Posted on 06/22/2010 1:59:19 PM PDT by bruinbirdman
Oil prices and risky assets across the world have tumbled after China intervened to weaken the yuan, sending a clear signal to investors that the country's shift to currency flexibility is a two-way street.
The yuan depreciated to almost 6.82 against the US dollar under the new crawling peg, which allows the currency to fluctuate by 0.5pc on either side of a reference point.
Analyst said there had been heavy activity by state lenders, suggesting the central bank had used proxies to intervene. "They're introducing two-way volatility in a way that China likes to do things," said Standard Chartered.

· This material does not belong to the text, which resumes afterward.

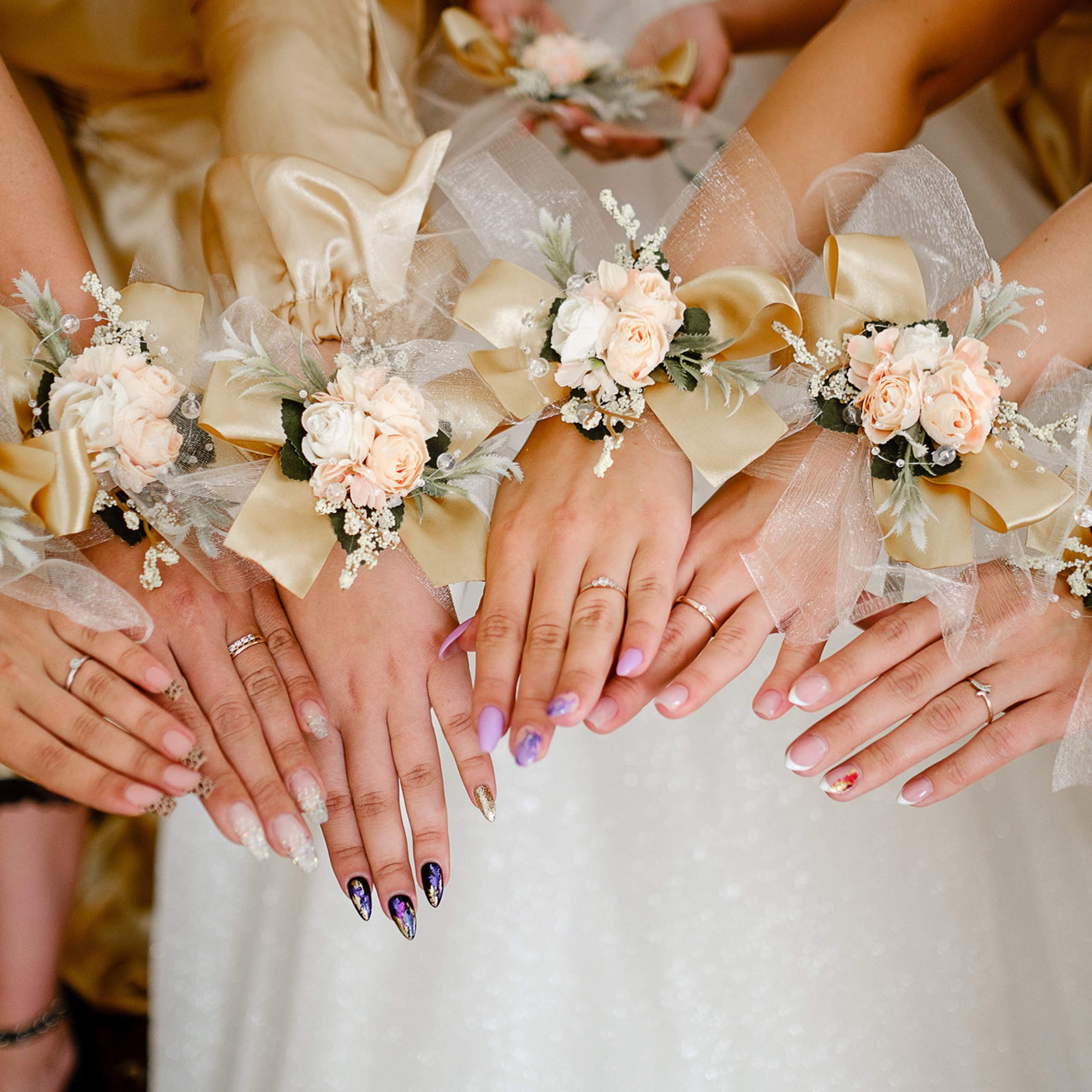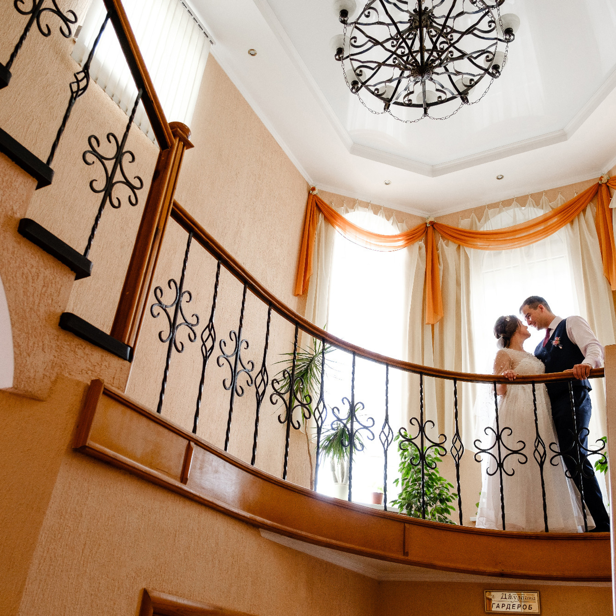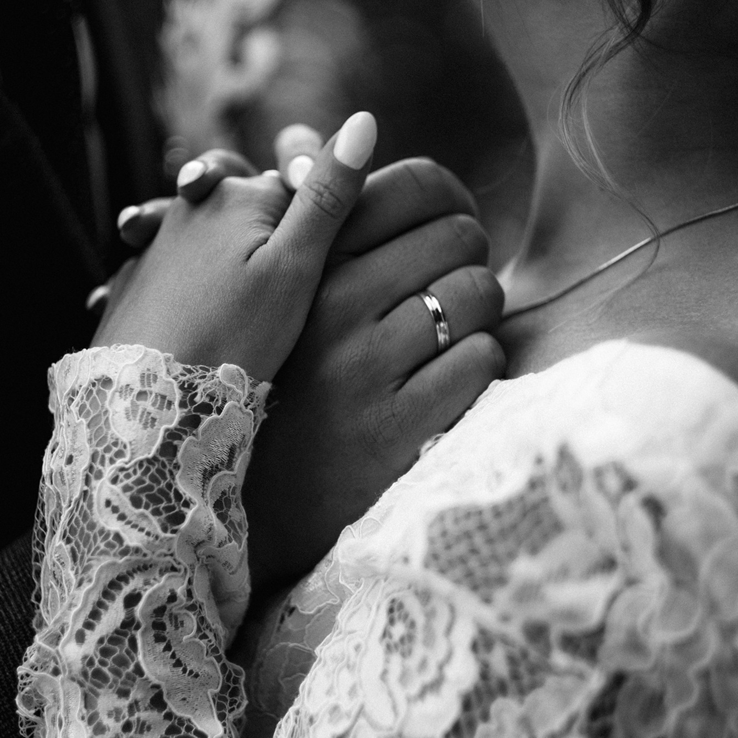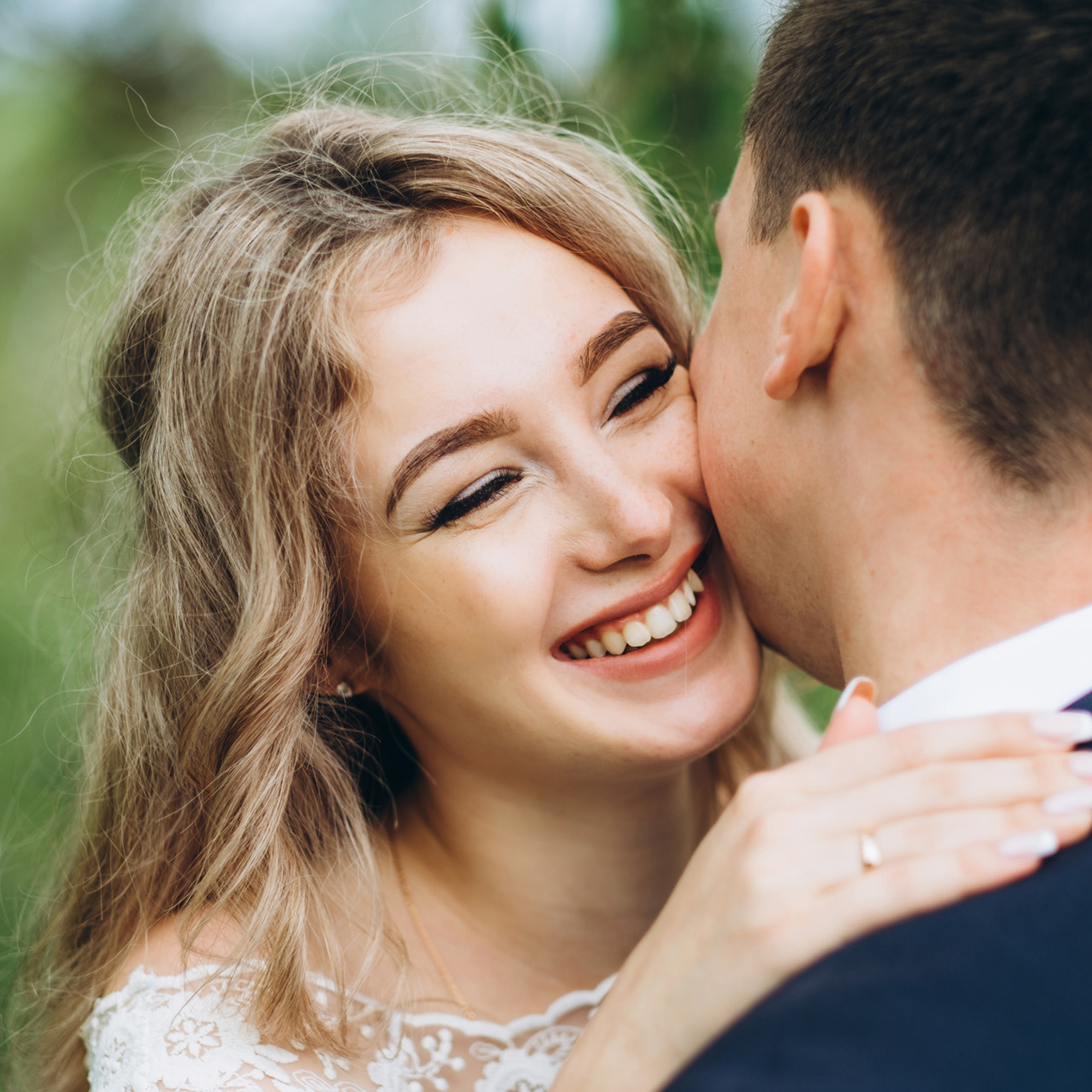Фотосъёмка свадебной прогулки в сосновом лесу

Euphoria after the weekend announcement caused commodities to surge, with rallies in equities, credit, and 'risk currencies' such as the Australian dollar. But momentum faded in New York late on Monday, as markets began to question whether the move was really a transforming shift for the global economy, and European debt worries returned to the fore. Oil fell almost $3 to $77.5 a barrel in Asian trading.
Albert Edwards from Societe Generale said it is unwise to assume that the yuan must strengthen as controls are relaxed, arguing that China's export miracle is fragile. "I think they will devalue when the global economy goes into a double dip recession".

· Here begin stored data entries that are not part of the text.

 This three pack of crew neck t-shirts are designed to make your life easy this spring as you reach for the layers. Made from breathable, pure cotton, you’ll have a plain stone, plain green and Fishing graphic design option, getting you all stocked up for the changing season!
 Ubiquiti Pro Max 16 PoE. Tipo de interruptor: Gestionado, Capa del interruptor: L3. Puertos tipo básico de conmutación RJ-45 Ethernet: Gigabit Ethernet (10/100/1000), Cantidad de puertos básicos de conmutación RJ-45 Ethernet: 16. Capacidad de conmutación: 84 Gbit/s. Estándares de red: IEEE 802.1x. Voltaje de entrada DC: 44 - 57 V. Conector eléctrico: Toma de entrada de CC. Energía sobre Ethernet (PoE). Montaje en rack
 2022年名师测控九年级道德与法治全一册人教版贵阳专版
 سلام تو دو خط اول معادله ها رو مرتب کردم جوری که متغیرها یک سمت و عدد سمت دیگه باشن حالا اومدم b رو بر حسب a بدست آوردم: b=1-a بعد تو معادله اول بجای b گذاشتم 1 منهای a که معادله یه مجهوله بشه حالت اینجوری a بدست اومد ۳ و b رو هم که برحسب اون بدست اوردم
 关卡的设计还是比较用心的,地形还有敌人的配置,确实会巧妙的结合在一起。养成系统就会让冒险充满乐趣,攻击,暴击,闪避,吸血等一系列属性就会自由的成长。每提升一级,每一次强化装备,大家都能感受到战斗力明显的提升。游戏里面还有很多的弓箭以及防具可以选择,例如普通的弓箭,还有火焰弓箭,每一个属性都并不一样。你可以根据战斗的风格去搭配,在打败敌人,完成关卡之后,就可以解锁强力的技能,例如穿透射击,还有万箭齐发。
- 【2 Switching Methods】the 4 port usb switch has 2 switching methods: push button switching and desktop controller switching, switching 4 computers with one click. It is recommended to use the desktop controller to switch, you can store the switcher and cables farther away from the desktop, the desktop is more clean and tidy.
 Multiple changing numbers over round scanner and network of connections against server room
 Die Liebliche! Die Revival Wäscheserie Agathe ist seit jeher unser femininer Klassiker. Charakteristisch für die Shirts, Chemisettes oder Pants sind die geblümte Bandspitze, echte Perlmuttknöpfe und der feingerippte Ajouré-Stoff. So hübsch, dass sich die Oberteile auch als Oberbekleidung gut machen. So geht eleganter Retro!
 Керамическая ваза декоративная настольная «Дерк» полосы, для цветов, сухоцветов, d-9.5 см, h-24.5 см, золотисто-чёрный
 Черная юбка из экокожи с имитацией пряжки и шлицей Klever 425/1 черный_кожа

Yi Xianrong from China's Academy of Social Sciences said there will be no repeat of the sharp moves from 2005 to 2008, when the yuan rose 21pc against the dollar. The plunge in Europe's currencies has already caused a 14pc appreciation against the European bloc this year, with an impact that has yet to feed through.
China's commerce ministry has opposed a rise in the yuan, fearing that it could endanger exporters with wafer-thin margins in the textile, toy, and electronics sectors. The central bank has gained the upper
(Excerpt) Read more at telegraph.co.uk ...
Imports from China are now going to cost more. That means they can buy more Treasuries.
Yep, it’s a good move for China. Rather then having to buy treasuries to keep the USD high, the USD will be allowed to fall.